Die Kantonale Staatsanwaltschaft für Besondere Aufgaben und die Berner Kantonspolizei kamen den Dealern nach mehrjährigen intensiven Ermittlungen und in Zusammenarbeit mit Bundesanwaltschaft und Bundeskriminalpolizei auf die Spur, wie es in der Mitteilung vom Donnerstag heisst.

Eine erste Spur ergab sich im März 2015, als Kantonspolizisten im Rahmen einer Kontrolle zwei Männer in einem Auto anhielten. Bei der Durchsuchung des Fahrzeugs wurden in einem Ersatzreifen vier Kilo Heroin gefunden. Die Ermittlungen zeigten, dass die beiden Männer die Drogen von Holland in die Schweiz transportiert hatten - und dies nicht zum ersten Mal.

Auch Dealer in Amsterdam verhaftet

Parallel ermittelten die Fahnder des Bundes gemeinsam mit mehreren Westschweizer Kantonen gegen ein Netzwerk, das von Holland operierte und für die Kokainlieferungen Transporteure einsetzten. Diese brachten die Drogen in Fahrzeugen oder als Bodypacker in Depots in der Westschweiz.
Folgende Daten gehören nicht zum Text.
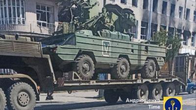 Последствия вчерашней "бавовны" россияне тянут по улицам города в Новоазовск. "Тигры" что-то немного навсегда устали, пишет ТГ-канал "Маріуполь.Спротив".

Im Juni 2015 konnte in Basel ein weiterer Mann angehalten werden, der verdächtigt wird, Kokainkuriere empfangen respektive als Grossdealer das dortige Depot geführt zu haben.

Kurz darauf gelang es der Bundeskriminalpolizei, in Amsterdam weitere mutmassliche Dealer anzuhalten und Kokain sicherzustellen. Einer der Verhafteten wurde an den Kanton Bern ausgeliefert. Er wird verdächtigt, die Kokaintransporte in den Kanton Bern von Holland aus geleitet und überwacht zu haben.

Schliesslich wurde im Frühjahr 2016 ein weiterer Mann erneut in Untersuchungshaft genommen, nachdem er wegen eines anderen Strafverfahrens eine Gefängnisstrafe abgesessen hatte.

Fünf Nigerianer und zwei Kongolesen

Insgesamt wird den Beschuldigten vorgeworfen, in verschiedenen Rollen als Organisatoren, Transporteure und Grossverteiler am Kokainhandel beteiligt gewesen zu sein. Dabei geht es um 110 Kilo Kokaingemisch, das zwischen August 2014 und Juli 2015 von Holland in die Schweiz eingeführt wurde.

Die Drogen wurden zu Grosshändlern in Depots im Kanton Bern, im Grossraum Basel, in Vevey und in Lausanne gebracht, von wo aus sie weiterverteilt wurden.

Von den sieben Beschuldigten sind laut Polizeiangaben fünf nigerianischer und zwei kongolesischer Herkunft. Sie sind zwischen 33 und 58 Jahre alt. Die Anklage lautet unter anderem auf schwere Widerhandlungen gegen das Betäubungsmittelgesetz und Geldwäscherei.